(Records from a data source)

• • • •

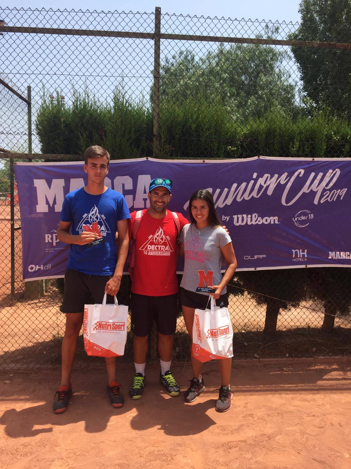 Los jugadores, Alejandro Salvador y Claudia Sánchez, finalistas del Circuito Marca Jóvenes Promesas by Wilson del C. T. Castellón, frente a Héctor Talens y Judith Perelló. ¡Enhorabuena!
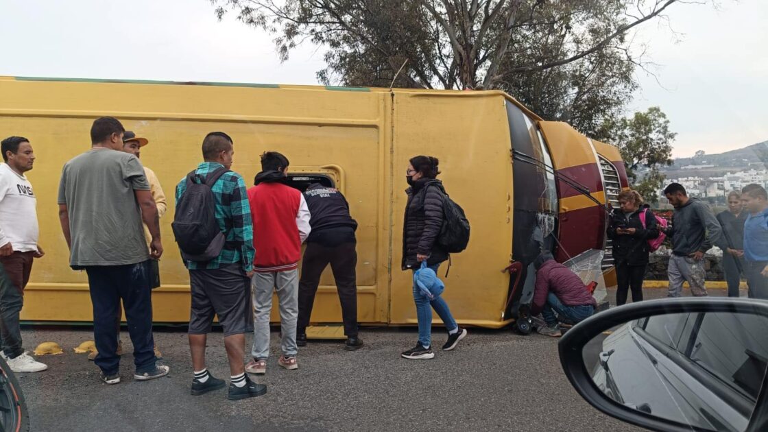 Morelia, Mich., 20 de Enero de 2026.- Un camión de transporte público ruta Hospitales, volcó en la zona de Tres Marías, frente a las oficinas de Konexo (Call Center de Liverpool).
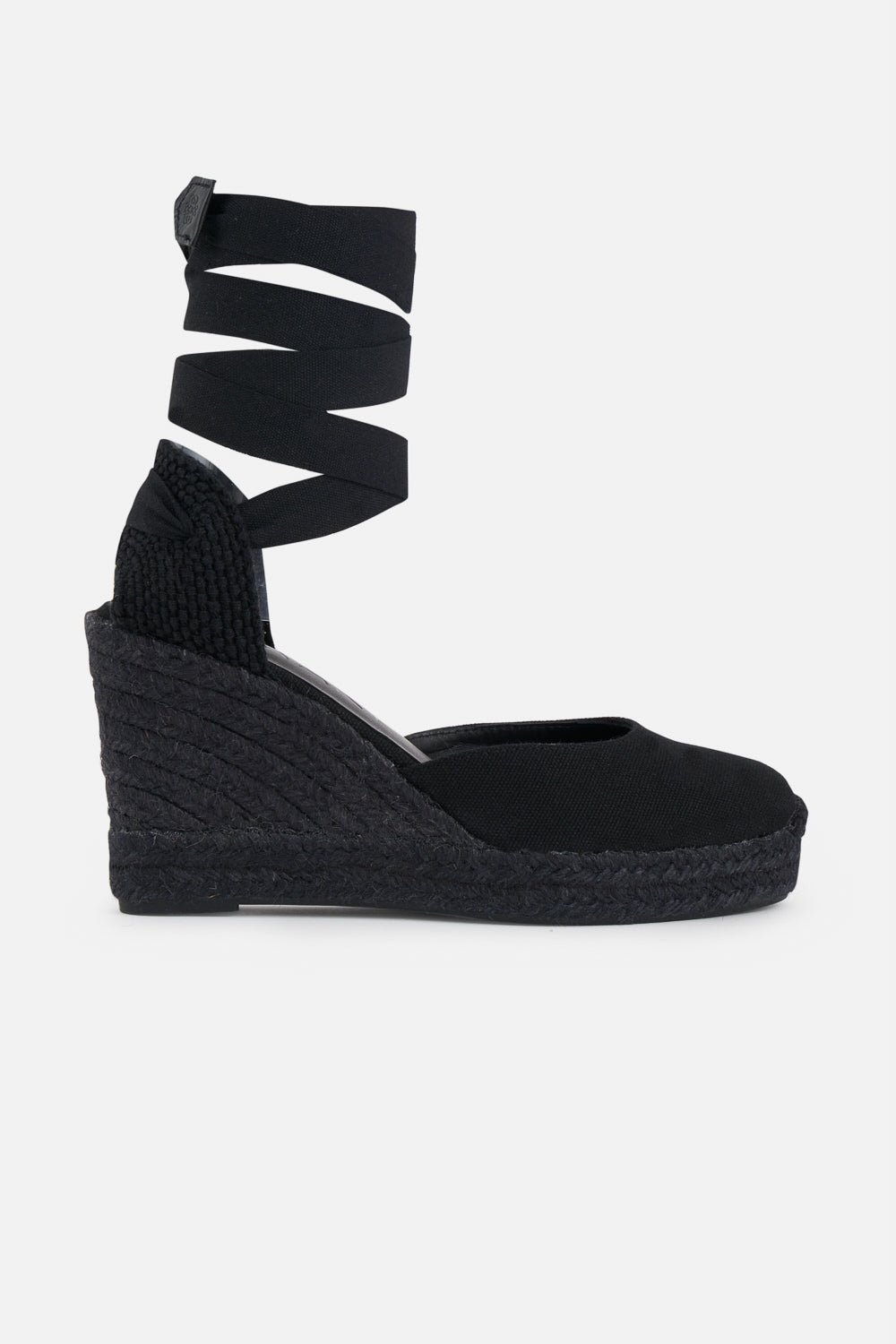 Cierre mediante lazada atada al tobillo acabada con terminaciones en efecto piel con nuestro logo grabado. Suela de yute.
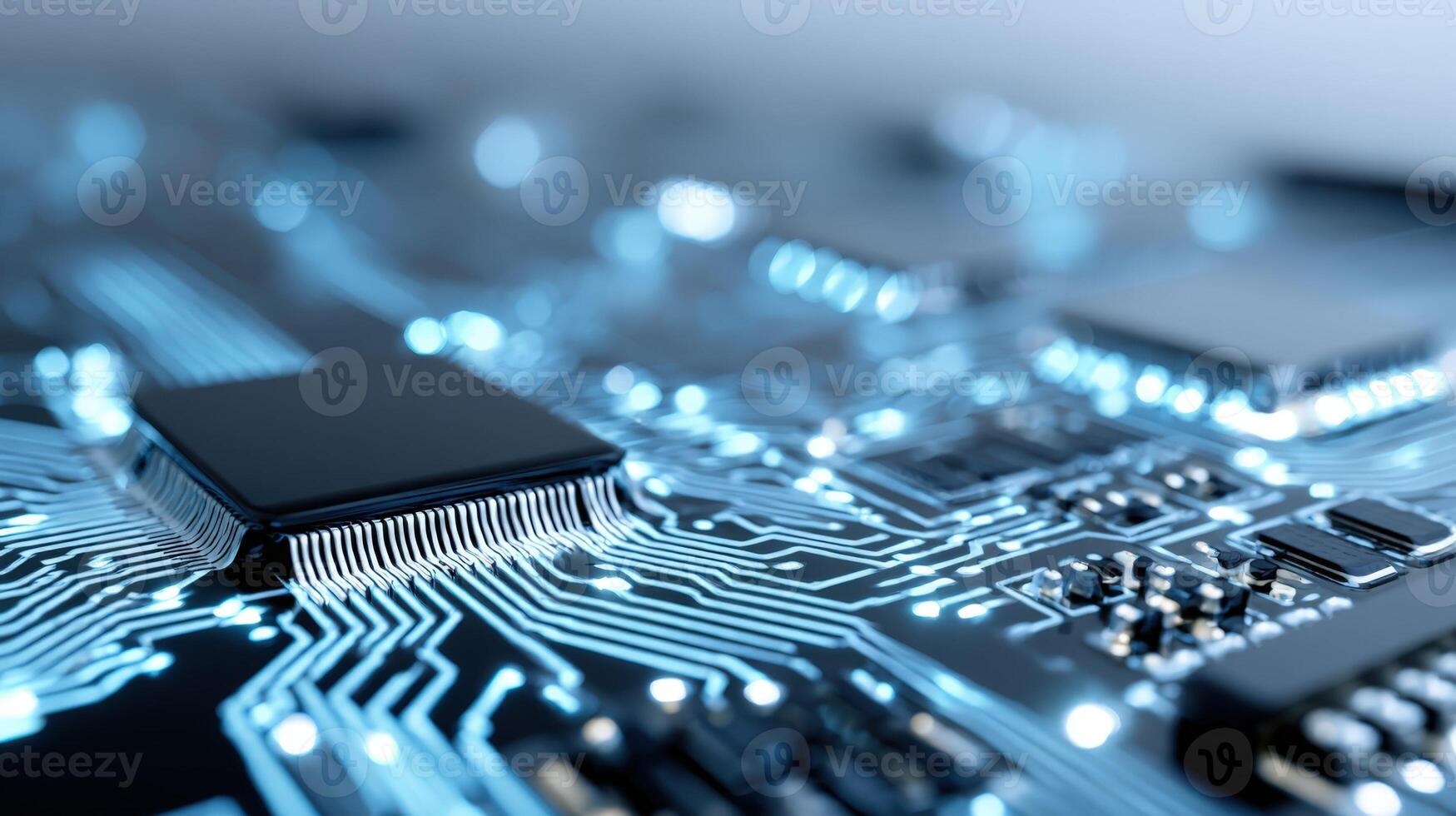 Close-up of a Modern Computer Motherboard Illustrating High Tech Circuitry and Data Flow, Ideal for Technology Concepts Pro Photo
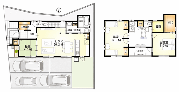 • 「建築条件付き土地」の「建物プラン例」は、土地購入者の設計プランの一例であり、プランの採用可否は任意です。
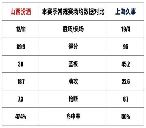 山西汾酒与上海久事在CBA俱乐部杯历史上共交手1次,山西汾酒0胜1负;两队在CBA联赛历史上共交手45次,山西汾酒21胜24负,本赛季两队交手1次,山西汾酒0胜1负。
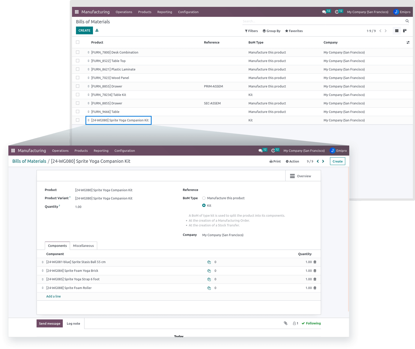 You can check the created bundle product components by navigating to Manufacturing > Products > Bills of Materials.
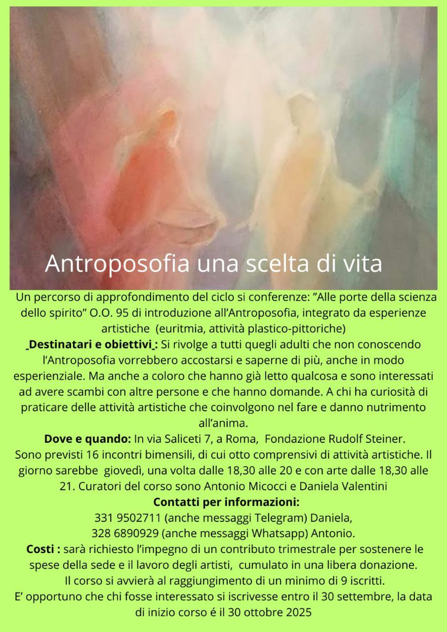 Dal 30 ottobre 2025, due giovedi al mese ore 18.30-20Un percorso di approfondimento del ciclo si conferenze O.O. 95, integrato da esperienze artistiche che seguono gli impulsi dell’Antroposofia (euritmia, musica, attività plastico-pittoriche)
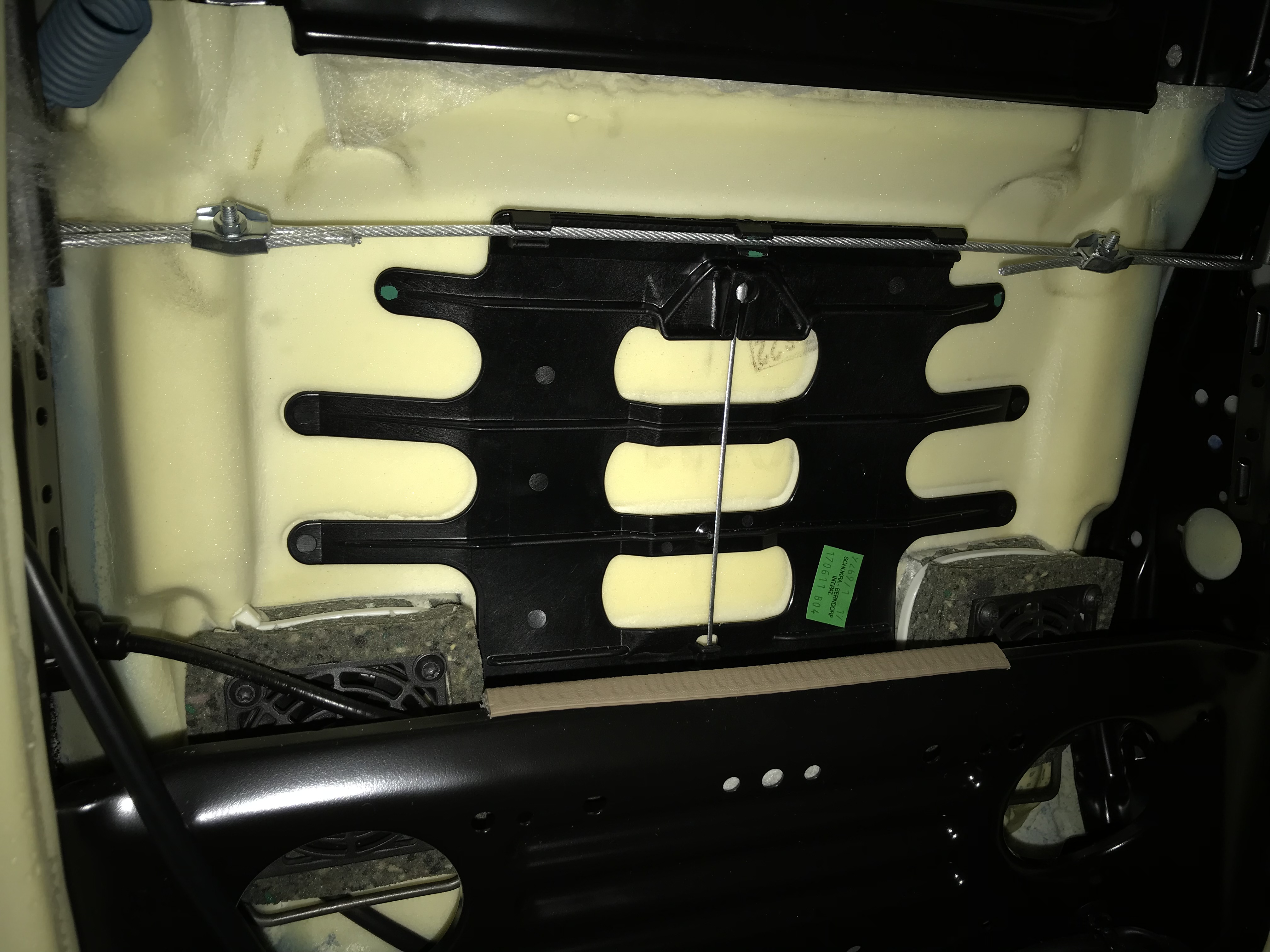 Mein Ansatz wäre jetzt die Lordosenstütze zu tauschen, wg. Feder ausgeleiert, außerdem habe ich den Eindruck dass die ganze Trägerplatte dauerhaft verbogen ist (wird ja wohl durch den Seilzug im Biegungswinkel verändert).

• • • •

◆ Your assignment: Would you reproduce the lines above, from the very first through the line containing "Cierre mediante lazada", exactly and without the pictures?

◆ Output for this exercise:
 Los jugadores, Alejandro Salvador y Claudia Sánchez, finalistas del Circuito Marca Jóvenes Promesas by Wilson del C. T. Castellón, frente a Héctor Talens y Judith Perelló. ¡Enhorabuena!
 Morelia, Mich., 20 de Enero de 2026.- Un camión de transporte público ruta Hospitales, volcó en la zona de Tres Marías, frente a las oficinas de Konexo (Call Center de Liverpool).
 Cierre mediante lazada atada al tobillo acabada con terminaciones en efecto piel con nuestro logo grabado. Suela de yute.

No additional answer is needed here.